REQUIREMENT ::
Retype the records below from their first line through the line containing "Letter by Christoforos", and include nothing else.

***

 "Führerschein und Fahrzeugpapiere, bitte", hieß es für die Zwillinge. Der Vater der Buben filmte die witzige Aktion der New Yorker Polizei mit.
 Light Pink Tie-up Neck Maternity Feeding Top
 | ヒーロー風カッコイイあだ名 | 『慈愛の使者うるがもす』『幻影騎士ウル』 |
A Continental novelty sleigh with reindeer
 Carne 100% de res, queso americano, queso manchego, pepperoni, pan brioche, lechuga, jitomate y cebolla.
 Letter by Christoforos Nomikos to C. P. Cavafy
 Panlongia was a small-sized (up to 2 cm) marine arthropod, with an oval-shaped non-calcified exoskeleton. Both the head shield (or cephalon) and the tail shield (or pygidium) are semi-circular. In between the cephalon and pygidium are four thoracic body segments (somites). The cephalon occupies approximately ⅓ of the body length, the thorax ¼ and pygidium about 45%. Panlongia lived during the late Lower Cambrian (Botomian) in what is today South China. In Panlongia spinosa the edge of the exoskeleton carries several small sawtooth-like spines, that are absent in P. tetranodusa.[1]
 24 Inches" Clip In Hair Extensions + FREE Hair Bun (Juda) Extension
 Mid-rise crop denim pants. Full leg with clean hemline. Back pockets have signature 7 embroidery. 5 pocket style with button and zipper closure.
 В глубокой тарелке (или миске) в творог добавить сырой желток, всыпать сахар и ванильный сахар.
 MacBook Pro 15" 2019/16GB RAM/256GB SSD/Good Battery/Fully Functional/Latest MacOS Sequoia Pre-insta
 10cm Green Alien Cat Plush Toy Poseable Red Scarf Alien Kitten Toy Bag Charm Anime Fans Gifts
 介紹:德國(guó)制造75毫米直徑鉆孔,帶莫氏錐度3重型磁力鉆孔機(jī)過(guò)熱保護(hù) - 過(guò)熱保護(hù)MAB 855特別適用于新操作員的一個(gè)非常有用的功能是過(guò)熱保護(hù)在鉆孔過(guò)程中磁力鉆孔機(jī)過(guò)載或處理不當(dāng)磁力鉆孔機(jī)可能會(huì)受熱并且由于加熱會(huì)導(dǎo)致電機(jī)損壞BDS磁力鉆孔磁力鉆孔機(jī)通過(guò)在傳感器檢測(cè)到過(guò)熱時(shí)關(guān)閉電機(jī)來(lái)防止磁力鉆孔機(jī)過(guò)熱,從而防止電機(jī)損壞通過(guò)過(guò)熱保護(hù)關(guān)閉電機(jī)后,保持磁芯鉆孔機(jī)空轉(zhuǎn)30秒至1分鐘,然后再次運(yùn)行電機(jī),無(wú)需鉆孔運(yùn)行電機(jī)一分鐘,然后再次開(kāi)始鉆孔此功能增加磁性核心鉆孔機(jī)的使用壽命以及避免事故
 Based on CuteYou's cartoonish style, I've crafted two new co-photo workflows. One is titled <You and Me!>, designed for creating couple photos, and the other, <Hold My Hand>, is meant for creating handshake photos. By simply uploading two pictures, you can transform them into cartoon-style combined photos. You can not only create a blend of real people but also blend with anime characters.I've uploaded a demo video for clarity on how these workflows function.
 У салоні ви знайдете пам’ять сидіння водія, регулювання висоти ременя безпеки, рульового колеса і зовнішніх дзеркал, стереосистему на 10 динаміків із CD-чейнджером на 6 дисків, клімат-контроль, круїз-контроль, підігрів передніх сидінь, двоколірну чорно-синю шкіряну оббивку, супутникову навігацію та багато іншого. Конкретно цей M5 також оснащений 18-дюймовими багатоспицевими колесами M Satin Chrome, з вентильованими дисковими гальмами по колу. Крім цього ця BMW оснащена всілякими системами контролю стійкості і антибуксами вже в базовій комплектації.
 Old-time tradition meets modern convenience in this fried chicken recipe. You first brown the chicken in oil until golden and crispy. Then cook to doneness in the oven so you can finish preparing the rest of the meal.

***

OUTPUT OF THE TASK ::
 "Führerschein und Fahrzeugpapiere, bitte", hieß es für die Zwillinge. Der Vater der Buben filmte die witzige Aktion der New Yorker Polizei mit.
 Light Pink Tie-up Neck Maternity Feeding Top
 | ヒーロー風カッコイイあだ名 | 『慈愛の使者うるがもす』『幻影騎士ウル』 |
A Continental novelty sleigh with reindeer
 Carne 100% de res, queso americano, queso manchego, pepperoni, pan brioche, lechuga, jitomate y cebolla.
 Letter by Christoforos Nomikos to C. P. Cavafy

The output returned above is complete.